A few translations are now available.

bind_queries() is the dbplyr equivalent of dplyr::bind_rows(): it combines several lazy queries into one using UNION ALL, aligning columns as needed.

con <- DBI::dbConnect(RSQLite::SQLite(), ":memory:")
db1 <- copy_to(con, tibble::tibble(x = 1:3), "db1")
db2 <- copy_to(con, tibble::tibble(y = 1:3, x = 4:6), "db2")

bind_queries(db1, db2) |> show_query()

<SQL>
SELECT *, NULL AS `y`
FROM `db1`

UNION ALL

SELECT `x`, `y`
FROM `db2`

filter_out() (from dplyr 1.2.0) is now translated. It’s the opposite of filter(), dropping rows where the conditions are true, rather than keeping those rows.

db3 <- copy_to(con, tibble::tibble(x = c(1, 2, NA), g = c(1, 1, 2)), "db3")
db3 |> filter_out(x == 2)

# A query:  ?? x 2
# Database: sqlite 3.52.0 [:memory:]
      x     g
  <dbl> <dbl>
1     1     1
2    NA     2

db3 |> filter(x == 2)

# A query:  ?? x 2
# Database: sqlite 3.52.0 [:memory:]
      x     g
  <dbl> <dbl>
1     2     1

anyNA() is now translated, in the same way as any(is.na(x)):

db3 |> summarise(missing = anyNA(x), .by = g) |> show_query()

<SQL>
SELECT `g`, MAX((`x` IS NULL)) AS `missing`
FROM `db3`
GROUP BY `g`

And %notin% (new in R 4.6.0) is now translated to NOT IN:

db3 |> filter(x %notin% c(1, 2)) |> show_query()

<SQL>
SELECT *
FROM `db3`
WHERE (`x` NOT IN (1.0, 2.0))

Three other changes are worth knowing about:

last_sql() returns the SQL of the most recent query dbplyr generated. This is mostly useful when debugging a problem that surfaces inside collect() or compute(), when you don’t have a convenient handle on the query to call show_query() on.
copy = "inline" is now an option for joins, set operations, and row operations. When you join a local data frame to a remote table, dbplyr normally copies it to a temporary table on the server. With copy = "inline", it inlines the data into the SQL directly using copy_inline(), which is handy when you can’t (or don’t want to) create a temporary table.
Thanks to @shearerpmm, this release also gains a translation layer for IBM DB2. The translation includes paste()/paste0() (using ||), DB2-specific casts, runif(), a comprehensive set of string and date functions, the clock helpers, and statistical aggregates.

Notes for backend developers#

If you maintain a dbplyr backend, several things have changed and you may need to make some adjustments.
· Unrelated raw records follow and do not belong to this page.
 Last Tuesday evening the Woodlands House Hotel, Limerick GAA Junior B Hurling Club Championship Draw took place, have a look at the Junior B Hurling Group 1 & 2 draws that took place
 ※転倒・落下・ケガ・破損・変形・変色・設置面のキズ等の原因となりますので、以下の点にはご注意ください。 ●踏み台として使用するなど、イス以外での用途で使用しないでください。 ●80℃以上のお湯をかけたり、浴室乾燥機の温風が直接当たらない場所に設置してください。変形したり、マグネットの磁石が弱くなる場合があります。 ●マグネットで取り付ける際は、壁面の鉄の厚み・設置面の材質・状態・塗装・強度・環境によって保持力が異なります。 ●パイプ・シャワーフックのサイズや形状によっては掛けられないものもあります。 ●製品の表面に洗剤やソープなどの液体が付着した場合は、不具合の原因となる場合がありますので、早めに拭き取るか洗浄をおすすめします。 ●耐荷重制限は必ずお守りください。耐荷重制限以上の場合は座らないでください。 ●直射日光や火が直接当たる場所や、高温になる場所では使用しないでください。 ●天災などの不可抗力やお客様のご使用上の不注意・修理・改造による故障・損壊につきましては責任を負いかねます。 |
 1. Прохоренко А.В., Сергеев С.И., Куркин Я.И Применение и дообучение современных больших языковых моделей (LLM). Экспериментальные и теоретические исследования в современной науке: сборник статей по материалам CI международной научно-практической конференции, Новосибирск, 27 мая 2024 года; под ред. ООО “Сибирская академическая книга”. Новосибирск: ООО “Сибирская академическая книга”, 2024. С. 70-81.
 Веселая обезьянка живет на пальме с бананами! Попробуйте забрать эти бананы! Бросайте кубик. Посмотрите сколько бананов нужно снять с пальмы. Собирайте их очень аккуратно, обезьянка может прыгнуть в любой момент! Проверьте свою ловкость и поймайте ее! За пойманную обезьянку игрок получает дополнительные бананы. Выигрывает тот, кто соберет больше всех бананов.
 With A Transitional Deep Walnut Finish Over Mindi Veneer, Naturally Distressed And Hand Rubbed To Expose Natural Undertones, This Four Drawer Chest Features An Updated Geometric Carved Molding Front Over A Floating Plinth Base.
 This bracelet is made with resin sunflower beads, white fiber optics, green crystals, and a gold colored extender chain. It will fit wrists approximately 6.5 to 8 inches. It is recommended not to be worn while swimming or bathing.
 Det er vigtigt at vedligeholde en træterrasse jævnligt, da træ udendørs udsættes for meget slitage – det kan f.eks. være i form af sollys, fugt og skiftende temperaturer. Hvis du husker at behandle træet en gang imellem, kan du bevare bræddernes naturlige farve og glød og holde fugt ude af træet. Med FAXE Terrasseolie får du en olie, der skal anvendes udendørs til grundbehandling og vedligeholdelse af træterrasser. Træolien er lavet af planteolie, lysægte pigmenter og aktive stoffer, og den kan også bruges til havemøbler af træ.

Hopefully none of this is a surprise, since I’ve already filed PRs to all CRAN packages that needed changes 😀.

Most importantly, the new sql_dialect() generic separates out the connection details from SQL generation. You should create a sql_dialect() method for your connection that returns a new_sql_dialect() object. new_sql_dialect() lets you customize the full surface of SQL generation, including how identifiers are quoted (which allows tests to look much closer to real SQL). Once you have that object, all the sql_ generics can dispatch on it, rather than on the connection object.

There are two new extension points for customization:

db_table_drop_if_exists() is a new generic that lets backends customize how tables are dropped when overwrite = TRUE. It was added to support Oracle, which needs a slightly different DROP TABLE incantation.
sql_set_op_method() is a new generic that lets set operations (union(), intersect(), setdiff()) customize the SQL keyword they generate. Useful when a backend needs UNION DISTINCT instead of UNION, or MINUS instead of EXCEPT.

And two deprecations:

sql_expr_matches() is deprecated. Provide is_distinct_from() and is_not_distinct_from() translations instead. These power joins with na_matches = "na" and the new filter_out() translation.
as.sql() is deprecated as part of a major internal refactor of how sql() and ident() are used. You can generally replace it with as_table_path() if used to refer to a table, or sql() if you want to indicate it’s raw SQL.

I’ve also overhauled the exported tools for generating SQL strings. The newly exported sql_glue() (implicit dialect, for use inside sql_translation()) and sql_glue2() (explicit dialect, for everywhere else) provide a glue-style syntax for building SQL strings. They replace the now superseded build_sql(), sql_expr(), and sql_call2().